February 03, 2012
By Ellie Winninghoff
Customer satisfaction, employee access to health care, and carbon emissions per unit of revenue aren’t the sorts of metrics you find in a company’s financial statements. But they represent non-financial impacts companies create. And they are among the 30 or so environmental, social and governance indicators that HIP Investor Inc. says can lead to higher profits.
“These are not ethical values but leading indicators of performance,” says Paul Herman, CEO of HIP, which stands for Human Impact + Profit. The San Francisco-based registered investment advisor and asset manager employs a multi-disciplinary approach that marries finances with sustainability.
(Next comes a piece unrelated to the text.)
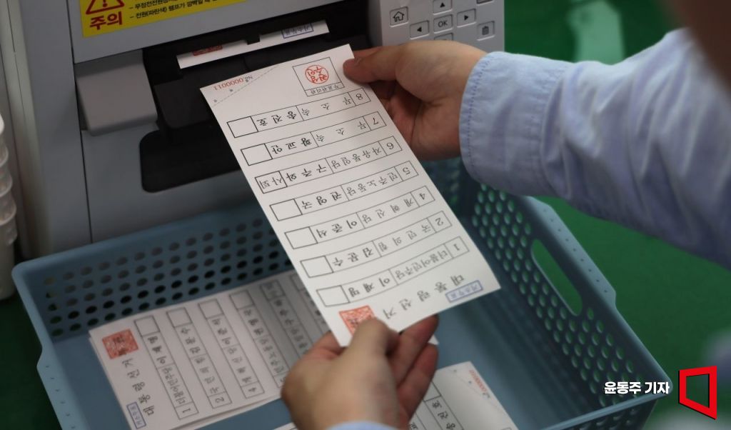21일 서울 양천구 양천구선관위에서 선관위 관계자들이 21대 대통령 선거 '거소투표용지'를 인쇄하고 있다. 거소투표는 함정에서 오랫동안 생활하는 군인 등 투표소와 멀리 떨어져 직접 투표가 곤란한 유권자들을 위한 투표 방법이다. 2025.05.21 윤동주 기자

Among other things, the company offers separately-managed accounts for client portfolios and has developed a handful of investment indexes based on its sustainability ethos.
That includes its HIP 100 portfolio that uses the company’s proprietary sustainability criteria to re-weight the S&P 100 index, which is based on market capitalization.
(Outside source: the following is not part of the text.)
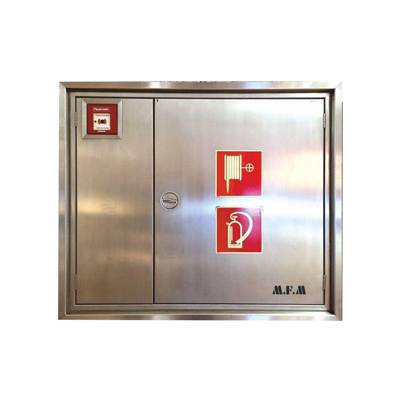 جعبه استیل آتش نشانی در دو نوع استیل مات، استیل آینه ای طلایی و بصورت جعبه توکار و روکار می باشد. جنس این نوع از جعبه های آتش نشانی از فواد ضد زنگ ( استنلس استیل ) می باشد. این جعبه های استیل برای نگهداری شلنگ و قرقره در سیستم تر یا خشک آتش نشانی مورد استفاده قرار می گیرند.

“You own more of the leading sustainability companies and less of the laggards,” Herman says. “This allows you to be more diversified [than if you invest in a traditional SRI fund.]”
In terms of how companies are weighted, the difference between the S&P 100 and the HIP 100 can be significant. The HIP 100’s top three holdings are Intel, Hewlett-Packard and Cisco Systems, which are numbers 17, 42 and 23 in S&P’s index, respectively. They account for 4.8% in the HIP portfolio versus 3.9% in the S&P index.